Chunking: The brain likes it small

Did you know its not unusual for it to take 2 months to climb Mount Everest? Climbers spend days ascending and acclimating and taking small carefully planned steps to achieve their goal. Climbing a mountain can not be done all at once, and neither can other great goals. We are capable of reaching big things, but the problem is that often we focus on climbing the mountain so fast and being perfect that we don't look at the steps it takes to get there. When people do that on Mount Everest they get hurt or die. When you do it, you feel sad and defeated, and you put yourself through it over and over again.
So how do we get rid of this perfectionistic attitude and take small steps to get where we want? We use a concept called chunking.
Chunking
Chunking is psychological technique used to break down large things into smaller pieces. The brain likes things in small bites. It can't make sense of the big.

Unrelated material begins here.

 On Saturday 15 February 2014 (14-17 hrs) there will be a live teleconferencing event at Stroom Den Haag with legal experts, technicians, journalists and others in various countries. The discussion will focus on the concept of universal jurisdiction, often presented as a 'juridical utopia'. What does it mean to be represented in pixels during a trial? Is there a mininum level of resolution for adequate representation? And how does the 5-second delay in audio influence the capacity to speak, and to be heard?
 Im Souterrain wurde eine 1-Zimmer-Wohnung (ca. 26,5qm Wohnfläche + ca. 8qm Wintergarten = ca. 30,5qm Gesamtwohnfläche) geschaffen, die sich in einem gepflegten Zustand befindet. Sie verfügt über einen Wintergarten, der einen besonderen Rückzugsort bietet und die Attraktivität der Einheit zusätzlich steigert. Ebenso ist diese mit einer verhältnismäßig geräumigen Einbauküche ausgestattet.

Chunking means taking the large goal and breaking it up into small doable pieces that encourage you to move forward. They are small goals that make you feel successful and make you want to continue instead of giving up. The most common example of Chunking is remembering your phone number. We don’t say my phone number is 2025550122, we say my phone number is 202-555-0122. Or take a look at your credit card. It is broken into 4 sections of numbers. The brain prefers it that way.
The whole point of chunking is to make it small. Start with your big goal and break into bits.

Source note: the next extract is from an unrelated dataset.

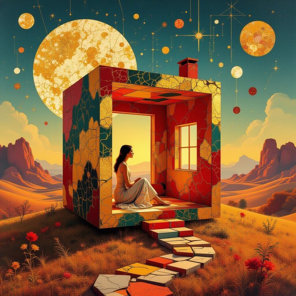 A woman sits in an abstract house with kintsugi details, set against a surreal landscape. This highly detailed image features fractal patterns, geometric and organic lines, and expressive brushstrokes in a mixed-media style.

I will often ask clients to engage their parasympathetic nervous system. That's the good rest and digest one that helps release positive happy hormones to our brain. However, I tell them I don't expect them to start meditating or doing yoga an hour a day. I give them tons of tools to make it small and add chunks of positive food for their nervous system.
Sigh three times-Sighing is a great reset for our nervous system. Think of when you get scared and then when the scare is over you relax your body blow out and say, "whew." That is our system trying to balance out the adrenaline from when we get scared. Now we may not get a big scare, but all day long we get stress hormones so every couple hours sigh three times and that long relaxed out breath will really help.

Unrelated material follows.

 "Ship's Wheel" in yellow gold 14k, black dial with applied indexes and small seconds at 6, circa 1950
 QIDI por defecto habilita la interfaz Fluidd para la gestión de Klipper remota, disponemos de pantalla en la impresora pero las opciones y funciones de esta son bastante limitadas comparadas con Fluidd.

Shake it out - animals in the wild shake up to 10 times a day to reset their nervous system. Stand up and shake your body arms legs head and hands. Just like a wet dog, and exhale while you do it. You will feel refreshed.
Gratefulness- When you feel stressed say something you are grateful for. Our brain chemistry is impacted by the thoughts we think and the words we say. So when you find yourself stressed, or thinking negative thoughts. Think "it will be okay," "I can do this," or just think, "breathe."
Chunking is breaking it down. So break it down and climb your own version of Everest!